If she wants a clean slate to try a different approach, she discards the branch and creates a fresh one off production. Another second. No cleanup tickets and no DBA involved.

Same Jen, same refactoring: what changed is the capability.

Space to fail faster

The ability to experiment is important. Evolutionary design and development isn’t just about moving quickly through a predefined checklist. It’s also about learning as the work becomes more concrete. Jen may discover the first schema design works but creates awkward application logic. She may discover that the second design is cleaner but makes migrating existing records more complicated. She may discover that a small normalization decision now would make future changes easier. The first migration script she wrote the SUBSTRING indexes are off by one. The destructive DROP COLUMN ran before she could verify the new columns have been populated correctly. However, because she has her own branch, these discoveries are inexpensive; she can apply a migration, run the application, inspect the data, roll forward with another migration or reset and try a different path.

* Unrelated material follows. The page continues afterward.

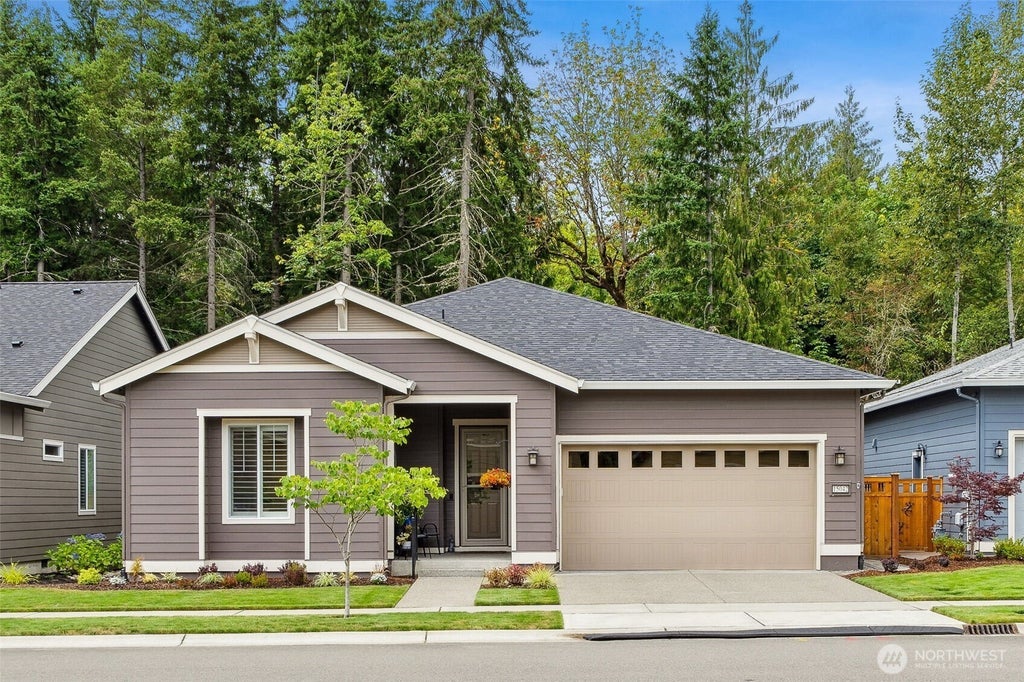 This Venture resale in 55+Trilogy community features its very own Guest Quarters complete w/ wet bar/ kitchenette, living rm, 3/4 bath & bedroom ideal for multigenerational living! The rest of this gorgeous home has a Great room that flows into a dining area & chef's kitchen complete w/ massive island, pendant lighting, quartz counters, SS appliances, & stylish tiled backsplash. Large Primary suite boasts a well appointed bathroom w/ double sinks & spacious walk in closet. Den, powder room & large laundry room w/ loads of counters & cabinets. The serene backyard on the green belt includes a covered patio, extended patio, mature landscaping, turf lawn is perfect for entertaining. Plantation shutters, AC & all appliances stay!

The branch also changes the emotional posture of the work. Jen doesn’t have to be overly cautious because someone else might be depending on the shared development database. She doesn’t have to announce every experiment to the team. She doesn’t have to clean up test data immediately because another developer might trip over it. Her branch is a safe place for unfinished thinking. It can contain temporary tables, failed migration attempts, awkward test data and half-formed designs without creating noise for anyone else.

At the same time, isolation doesn’t mean detachment from the team’s standards. Jen still writes migration scripts. She still keeps the application code and database change together. She still runs tests. She still expects the final design to be reviewed. The difference is that she can do the messy part of the work privately and quickly before asking the team to reason about the polished version. By the time she opens a pull request, the conversation can focus on whether the design is right, not whether she had a safe place to test it.

This is the key shift: the database branch gives Jen fast, realistic, isolated feedback that she can also get reviewed from her tech leads or DBAs, by showing her database branch. Fast means she can create the environment when she needs it, not when someone provisions it for her. Realistic means she is testing against the same kind of database behavior that matters in production. Isolated means her experiments do not interrupt anyone else. Together, those three properties turn database change from a bottleneck into a normal part of feature development.

Jen can now move the application and database forward together. Her code branch and her database branch become two sides of the same task. One holds the application changes, while the other gives those changes a real database to live against. Instead of waiting, coordinating or pretending with a simplified setup, Jen can design, test, revise and learn. The feature is still small, but now the database is no longer what makes it slow.

Opening the pull request

Jen commits both the application code and the migration script. She opens a PR.

CI does what Jen just did, but for the team: it creates its own temporary Lakebase branch, applies the migration, runs the application test suite, runs database tests against the migrated schema, validates the migration itself (applies cleanly, idempotent, reversible) and posts a schema-diff comment on the PR showing exactly which database objects changed.

The reviewer can now see what the schema change does inline with the code that uses it, changing their contextual understanding from abstract to concrete.